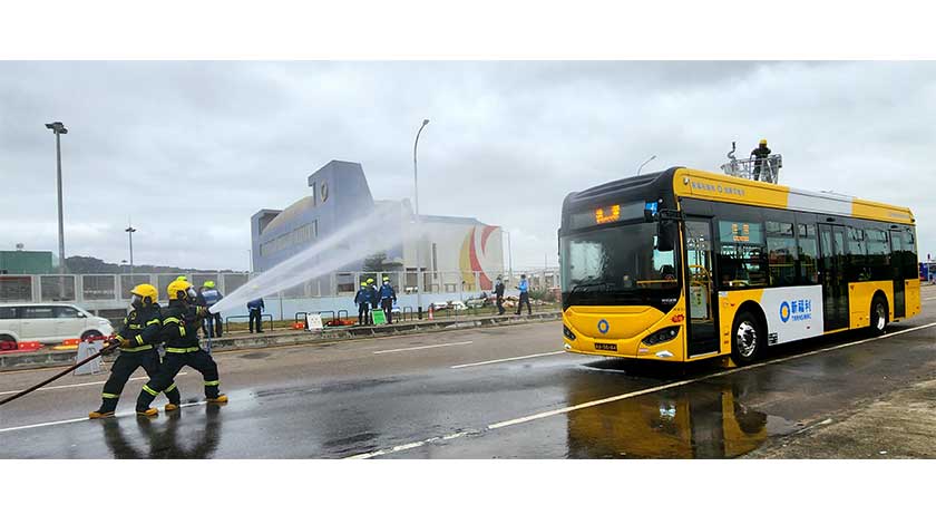 聯合演練於3月27日上午10時30分在路氹航空圓形地進行,模擬兩台增程式電動巴士在行駛期間出現異常情況,電池倉溫度異常升高,車長隨即將車輛安全停靠路邊、熄匙、關閉電源總掣並緊急疏散乘客,同時按照既定機制通報控制中心、消防局、治安警察局及交通事務局。警員到場即時疏散人群、維持交通秩序和實施安全措施;消防接報到場後,發現車頂的電池倉位置有煙霧冒出,隨即進行灑水降溫,及後由巴士公司安排拖車將肇事巴士拖回車場。
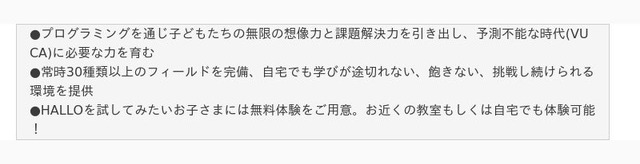 この「AIに取って代わられない」領域においてプログラミング教育を通じて育むことができ、子どもたちが未来に向けて活躍するために不可欠なスキルです。HALLOではプログラミング教育を通じて、このスキルを育むことができます。生徒一人ひとりのレベルや学習ペースに合わせた、やる気スイッチグループならではの個別最適化されたレッスンをご提供。他の同級生に先駆けてプログラミングを習得することで自信を持ち、“得意”を見つけられることにより学校で楽しく過ごせるきっかけとなります。現在、HALLOでは教室でもご自宅(オンライン)でも受講可能な無料体験授業を実施中です。また、この冬には「ウィンターチャレンジ2024」と題して短期間でプログラミングを習得できる講習会を開催します。(https://bit.ly/3O5iNIM)ぜひこの機会に未来に向けたスキルを身につけましょう。
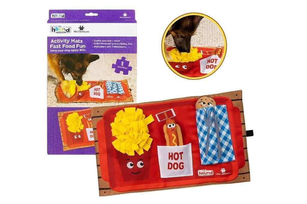 O Tapete de Fuçar Fast Food Fun da Nina Ottosson é a escolha ideal para manter seu cão entretenido, ativo e mentalmente estimulado. Com design interativo que simula um ambiente de fast food, o tapete oferece uma experiência divertida e desafiadora: os cães podem fuçar, explorar e procurar petiscos escondidos, estimulando o instinto natural de caça e enriquecendo a rotina.
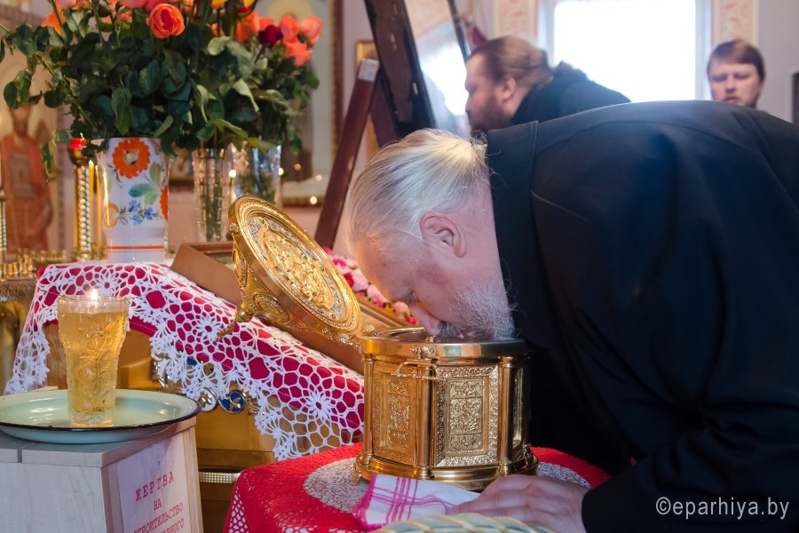 11 октября 2016г., в ходе своего визита в Жлобинского благочиние, Преосвященнейший Стефан совершил рабочую поездку в строящийся храм мч. Иоанна Воина г.Жлобина. Владыка ознакомился с ходом строительных работ и состоянием дел на приходе. Настоятелю храма Преосвященный пожелал помощи Божией в дальнейших работах по благоустройству и строительству вверенного храма. Преосвященный помолился у ковчега с частицей мощей св. блж. Матроны Московской, который с 1 по 21 октября пребывает в храме, для молитвенного поклонения верующих. |

WHAT THE TASK REQUIRES: From the first line to the last, retype the data exactly, without images.

RESPONSE AREA:
 聯合演練於3月27日上午10時30分在路氹航空圓形地進行,模擬兩台增程式電動巴士在行駛期間出現異常情況,電池倉溫度異常升高,車長隨即將車輛安全停靠路邊、熄匙、關閉電源總掣並緊急疏散乘客,同時按照既定機制通報控制中心、消防局、治安警察局及交通事務局。警員到場即時疏散人群、維持交通秩序和實施安全措施;消防接報到場後,發現車頂的電池倉位置有煙霧冒出,隨即進行灑水降溫,及後由巴士公司安排拖車將肇事巴士拖回車場。
 この「AIに取って代わられない」領域においてプログラミング教育を通じて育むことができ、子どもたちが未来に向けて活躍するために不可欠なスキルです。HALLOではプログラミング教育を通じて、このスキルを育むことができます。生徒一人ひとりのレベルや学習ペースに合わせた、やる気スイッチグループならではの個別最適化されたレッスンをご提供。他の同級生に先駆けてプログラミングを習得することで自信を持ち、“得意”を見つけられることにより学校で楽しく過ごせるきっかけとなります。現在、HALLOでは教室でもご自宅(オンライン)でも受講可能な無料体験授業を実施中です。また、この冬には「ウィンターチャレンジ2024」と題して短期間でプログラミングを習得できる講習会を開催します。(https://bit.ly/3O5iNIM)ぜひこの機会に未来に向けたスキルを身につけましょう。
 O Tapete de Fuçar Fast Food Fun da Nina Ottosson é a escolha ideal para manter seu cão entretenido, ativo e mentalmente estimulado. Com design interativo que simula um ambiente de fast food, o tapete oferece uma experiência divertida e desafiadora: os cães podem fuçar, explorar e procurar petiscos escondidos, estimulando o instinto natural de caça e enriquecendo a rotina.
 11 октября 2016г., в ходе своего визита в Жлобинского благочиние, Преосвященнейший Стефан совершил рабочую поездку в строящийся храм мч. Иоанна Воина г.Жлобина. Владыка ознакомился с ходом строительных работ и состоянием дел на приходе. Настоятелю храма Преосвященный пожелал помощи Божией в дальнейших работах по благоустройству и строительству вверенного храма. Преосвященный помолился у ковчега с частицей мощей св. блж. Матроны Московской, который с 1 по 21 октября пребывает в храме, для молитвенного поклонения верующих. |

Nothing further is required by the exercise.